The Illusion of Inclusion: How We Fail Students with Learning Disabilities
The education world is abuzz trying to make sense of disheartening findings that, since 2013, scores in reading and math have gone down or remained stagnant across fourth and eighth grades. What we aren't talking about, however, is the performance of students with disabilities, who continue to lack proficiency at astounding rates.
"It's OK to say dyslexia!" U.S. Secretary of Education Arne Duncan tweeted shortly before his agency released guidance targeting the needs of the 2.5 million students with a learning disability. But while the government highlights the unique needs of students with learning disabilities, they are seemingly getting lost in misguided policies and practices in the name of educational equity.

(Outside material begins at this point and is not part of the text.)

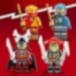 Byggere fra sju år og fans av kule kjøretøy kan finne på historier om det godes kamp mot det onde med det actionfylte lekesettet Kais EVO-robotsykkel (71783). Settet inkluderer en bevegelig robot og en tøff motorsykkel som kan oppgraderes til en større modell ved hjelp av gullfargede sidepaneler og en stor gullklinge. Det godes kamp mot det onde Byggesettet inkluderer minifigurer av Kai og Nya, begge med sverd, Knokkelkonge med sverd og Knokkeljeger med knokkeløks og sverd. Barn som løser utfordringen, vil bli belønnet med et samlerbanner for Fokus, som kan vises fram på ninja-motorsykkelen. En gøyal, digital opplevelse for LEGO byggere Du og barnet ditt kan oppleve et intuitivt og enkelt byggeeventyr med LEGO Builder appen. Zoom og roter modeller i 3D, lagre sett og spor fremdriften din.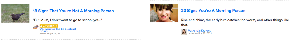 Buzzfeed creates a large amount of persona-driven content, which is often contradictory (as seen above); however, it gives the reader a more personalized experience with the website. Even if the reader doesn’t agree with every item on the list, the personas are often general enough to ensure at least some measure of success.

Access to equal educational opportunities for students with disabilities has been a hard-won battle. In 1975, President Ford signed the first comprehensive federal law acknowledging the educational rights of students with disabilities. The Education for All Handicapped Children Act, since amended and renamed the Individuals with Disabilities Education Act, was the result of years of advocacy that highlighted the inadequate (or nonexistent) services for millions of students with special needs.
Forty years later, we are losing sight of where we started.
We are now in an era where many schools endorse and embrace the goal of full inclusion for students with disabilities. And undoubtedly, inclusion is key to obtaining educational and social equity.
Unfortunately, inclusion is often falsely translated to mean the "place" where teaching and learning occurs, stemming from the ideological belief all students should be educated in the general education classroom--that instruction provided outside of this setting is akin to segregation. While general education can and should be strengthened to better meet the needs of all students, for many students these practices alone are not enough.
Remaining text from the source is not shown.